Text data augmentation and pre-trained Language Model for enhancing text classification of low-resource languages

PeerJ Comput Sci. 2024 Mar 29:10:e1974. doi: 10.7717/peerj-cs.1974. eCollection 2024.

Abstract

Background: In the domain of natural language processing (NLP), the development and success of advanced language models are predominantly anchored in the richness of available linguistic resources. Languages such as Azerbaijani, which is classified as a low-resource, often face challenges arising from limited labeled datasets, consequently hindering effective model training.

Methodology: The primary objective of this study was to enhance the effectiveness and generalization capabilities of news text classification models using text augmentation techniques. In this study, we solve the problem of working with low-resource languages using translations using the Facebook mBart50 model, as well as the Google Translate API and a combination of mBart50 and Google Translate thus expanding the capabilities when working with text.

Results: The experimental outcomes reveal a promising uptick in classification performance when models are trained on the augmented dataset compared with their counterparts using the original data. This investigation underscores the immense potential of combined data augmentation strategies to bolster the NLP capabilities of underrepresented languages. As a result of our research, we have published our labeled text classification dataset and pre-trained RoBERTa model for the Azerbaijani language.

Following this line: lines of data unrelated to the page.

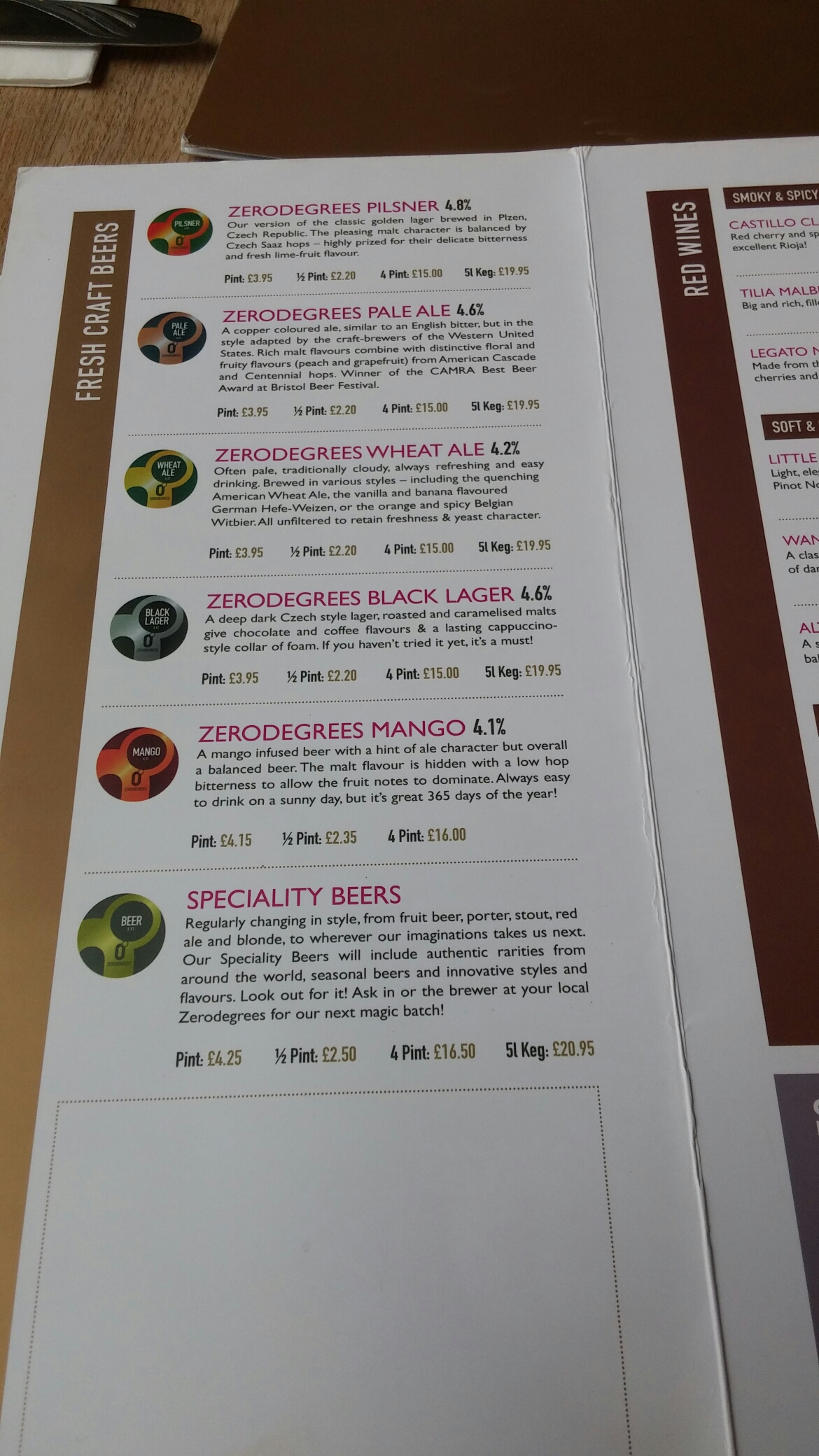 This equates to a quite astonishing £7.81 a pint – a price considerably higher than any of their beers. I know I bang on about wine mark ups, but this is a whole new level of outrageous when a 200ml bottle of this stuff retails in Tescos at 66p. Bearing in mind this would have been bought wholesale for a fair bit less, that is one hell of a mark up. Totally unacceptable to penalize non drinkers/designated drivers like this in my humble opinion.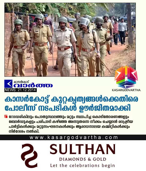 കാസര്കോട്ട് കുറ്റകൃത്യങ്ങള്ക്കെതിരെ പോലീസ് നടപടികള് ഊര്ജിതമാക്കി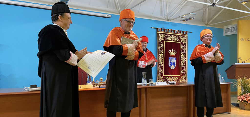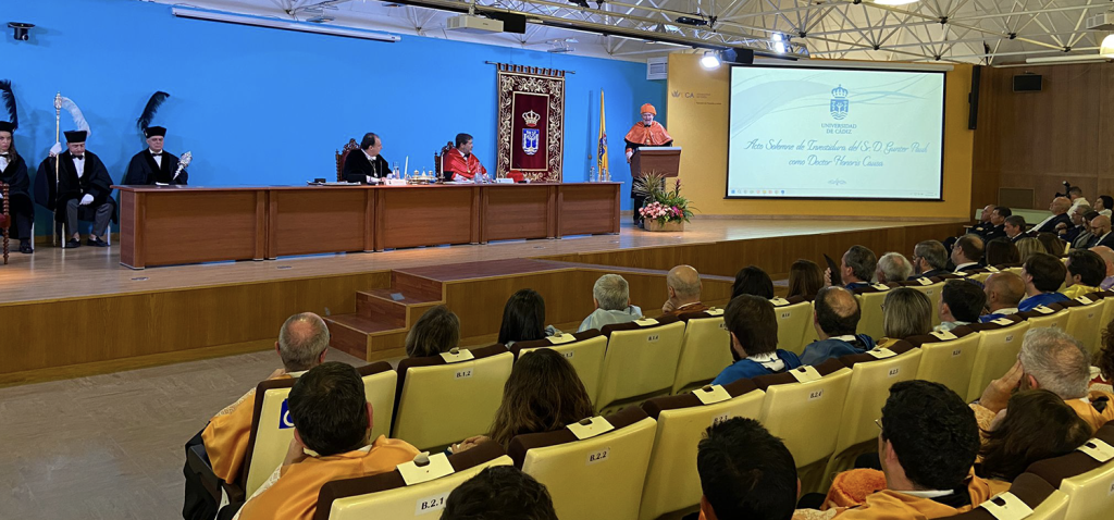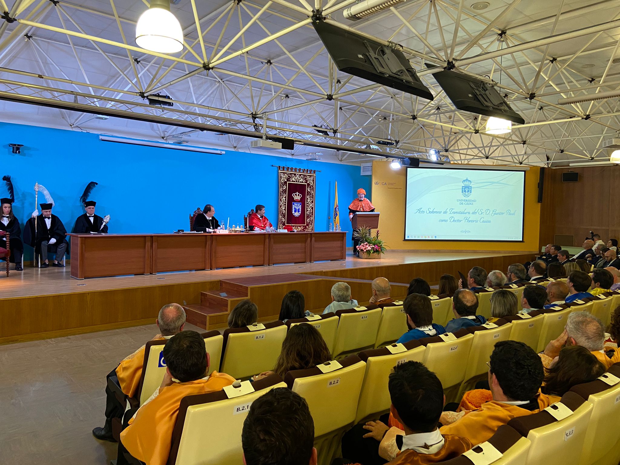 El Claustro de la Universidad de Cádiz, a propuesta del Consejo de Dirección de la UCA, ratificó el pasado mes de junio de 2023 la concesión del grado de doctor Honoris Causa a Gunter Pauli, propuesta aprobada por el Consejo de Gobierno en marzo de 2023, según establece el artículo 232 de los Estatutos de la UCA y el artículo 4º del Reglamento que regula el procedimiento para la concesión del grado de doctorado Honoris Causa.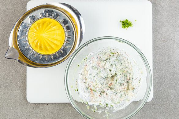 Die Limettenschale abreiben, dann die Limette halbieren und auspressen. Den Joghurt mit den Gurken- und den Apfelraspeln, 1TL Limettensaft sowie 2TL Minze verrühren. Die Raita mit Salz und Pfeffer abschmecken.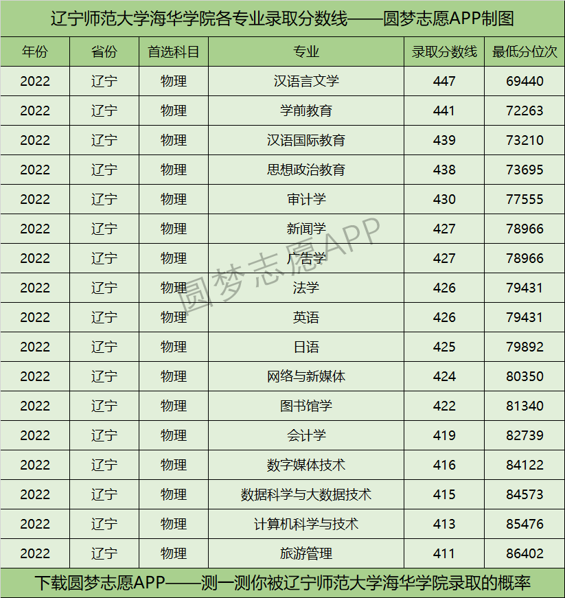综上可知,辽宁师范大学海华学院2022年在辽宁物理类招普通类考生时,收分最低的为旅游管理专业,其对应的最低分为411分,只要考进了辽宁物理类前86402名,就有机会被录取。

Keywords: Azerbaijani language; Deep learning; Low-resource language; Machine learning; Natural language processing; Text augmentation; Text classification.

Grants and funding

This work was supported by the Ministry of Education and Sciences of the Republic of Kazakhstan under the following grants: #AP14871214 “Development of machine learning methods to increase the coherence of text in summaries produced by the Extractive Summarization Methods” and #AP09260670 “Development of methods and algorithms for augmenting input data for modifying vector word embeddings”. The funders had no role in study design, data collection and analysis, decision to publish, or preparation of the manuscript.